15. The Rise of the AI-Native Organization and AI Specialist — Eric Jing

  • Why read: A look at how treating AI as a collaborative workforce creates a new ceiling for individual output.
  • Summary: AI is pushing businesses into AI-native organizations where agents run alongside human employees. Successful platforms orchestrate models behind the scenes to deliver direct results instead of making users evaluate fragmented tools. This creates the AI specialist, a professional who manages tasks that previously required large teams by delegating to autonomous agents.
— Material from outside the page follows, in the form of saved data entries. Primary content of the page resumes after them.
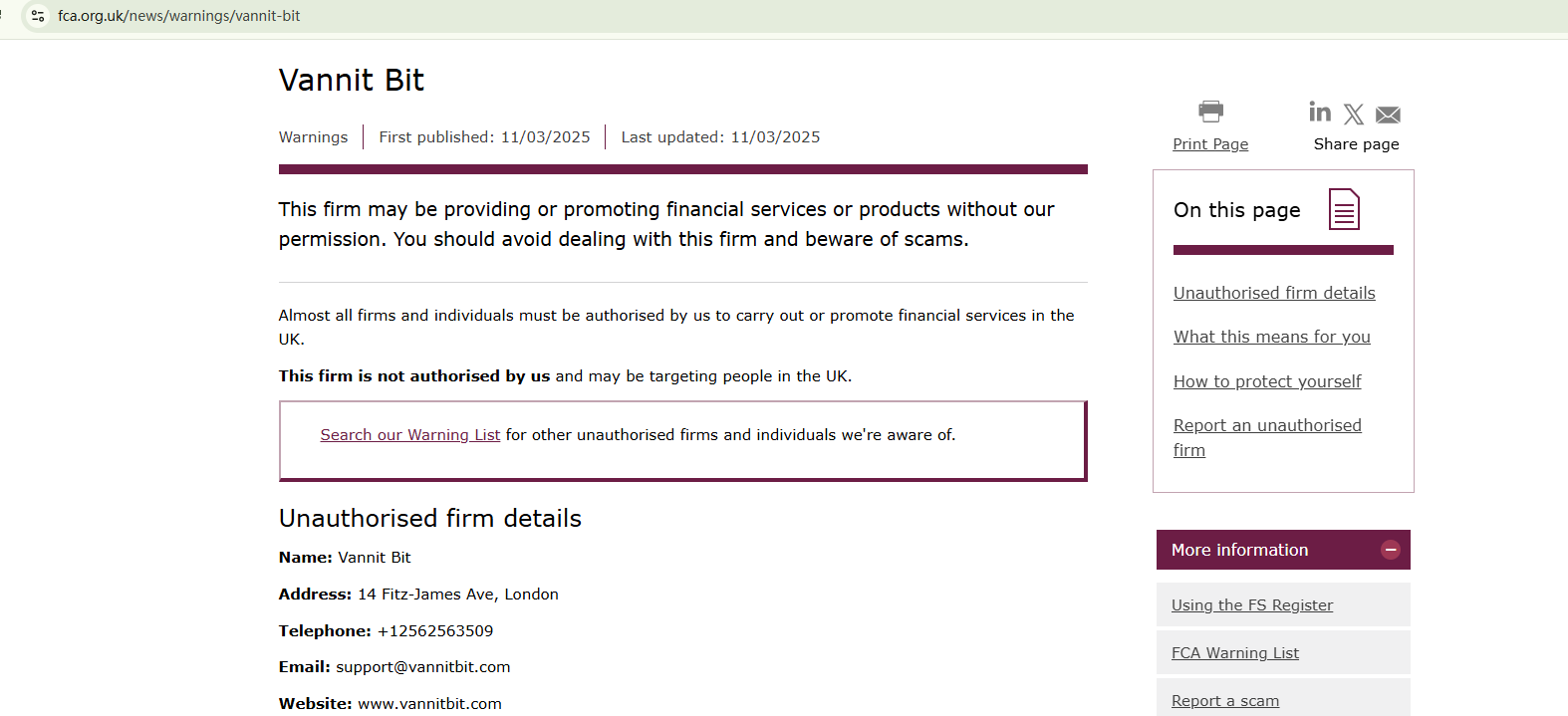 The domain name of Vannit Bit was first registered in June 2024. This recent domain registration, coupled with the use of a website template commonly associated with fraudulent investment activities, serves as a red flag for potential scams. Vannit Bit doesn't provide any information about its regulatory status. In addition, the Financial Conduct Authority (FCA) has issued a warning against Vannit Bit for the lack of the required authorization.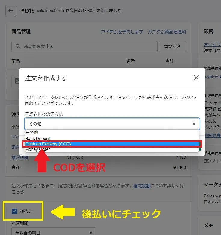 Shopify管理画面から「支払い済みとしてマーク」>「受け取った決済のタイプ」を「Cash on Delivery(COD)」とした注文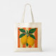 Ce fourre-tout chic présente une empreinte citron vibrante sur une toile durable, dressée contre un arrière - plan audacieux de rayures verticales orange et blanche.

Agents handle research and operational tasks, freeing humans to focus on higher-value decisions.
  • Read more

Themes from yesterday

  • From Models to Harnesses: The bottleneck in AI development has moved from model capabilities to the infrastructure (harnesses, routing, logging) that makes agents reliable.
  • Runaway Costs and Enterprise ROI: Leaders are trying to control inference budgets and translate pure token consumption into measurable business utility and landed code.
  • Expanding Organizational Throughput: Instead of cutting costs, AI is being used to expand workflow volume and build multi-agent systems.
  • Role Expansion vs. Convergence: AI enables cross-functional tasks, but mature organizations are seeing traditional roles expand their throughput rather than collapse into a single hybrid role.